Work instructions:
Give the data again exactly, without images.

Supplied information:
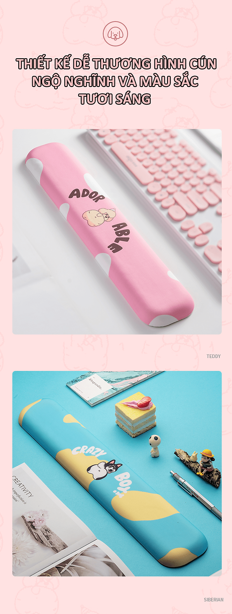 - Kê tay bàn phím hình cún cực dễ thương và sinh động
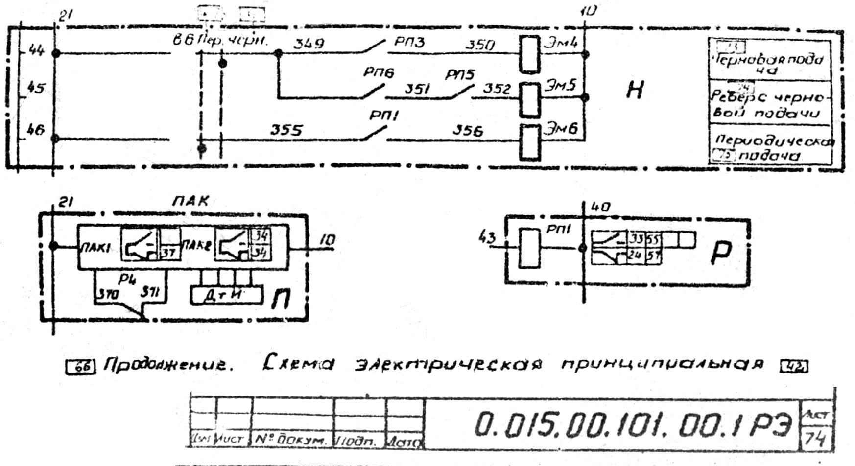 В етом режиме работает только електромагнит Эм6, при включении которого через НО контакт РП1 осуществляется периодическая подача, а при отключении - подача прекращается.
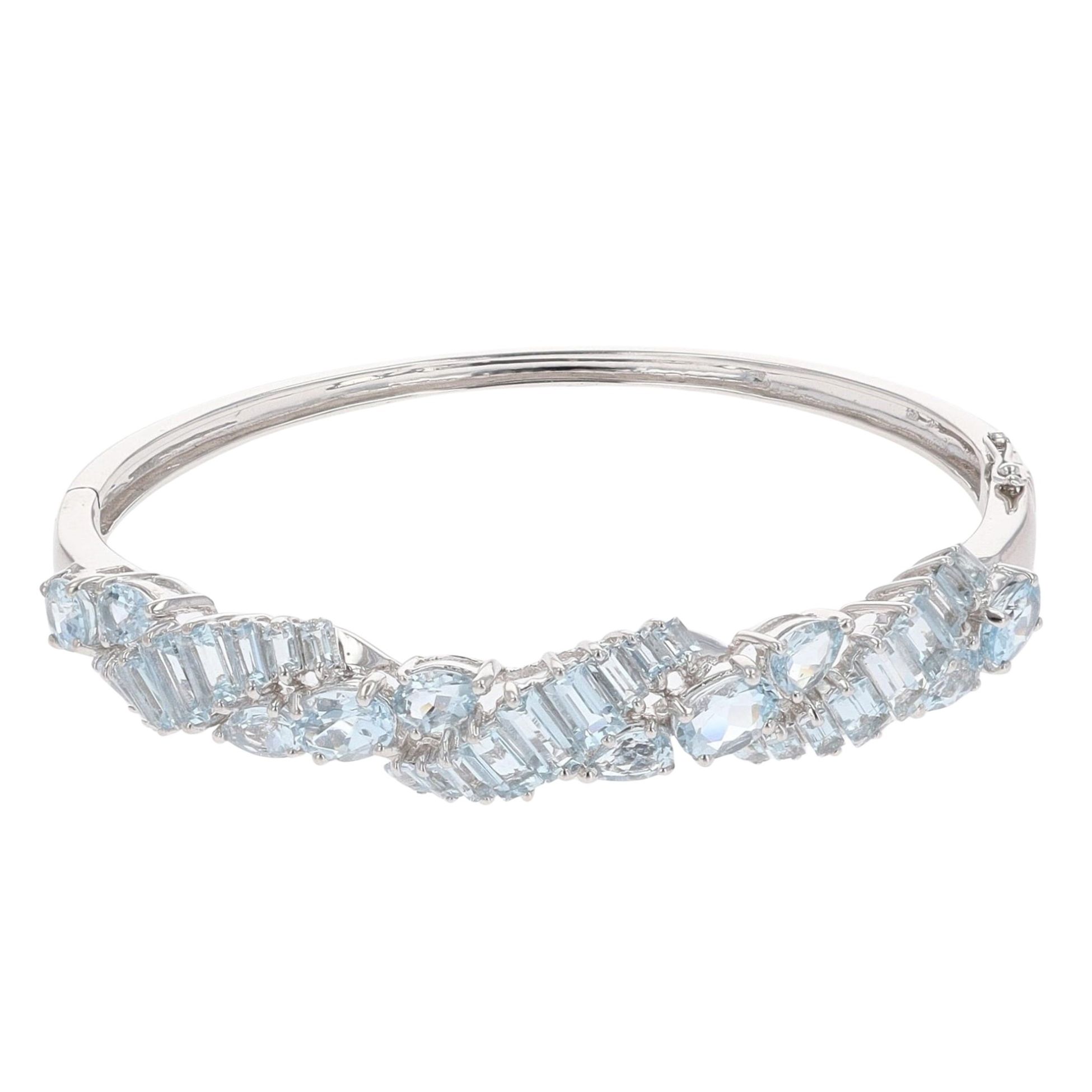 9ct White Gold Aquamarine Hinged Bangle

Result below:
 - Kê tay bàn phím hình cún cực dễ thương và sinh động
 В етом режиме работает только електромагнит Эм6, при включении которого через НО контакт РП1 осуществляется периодическая подача, а при отключении - подача прекращается.
 9ct White Gold Aquamarine Hinged Bangle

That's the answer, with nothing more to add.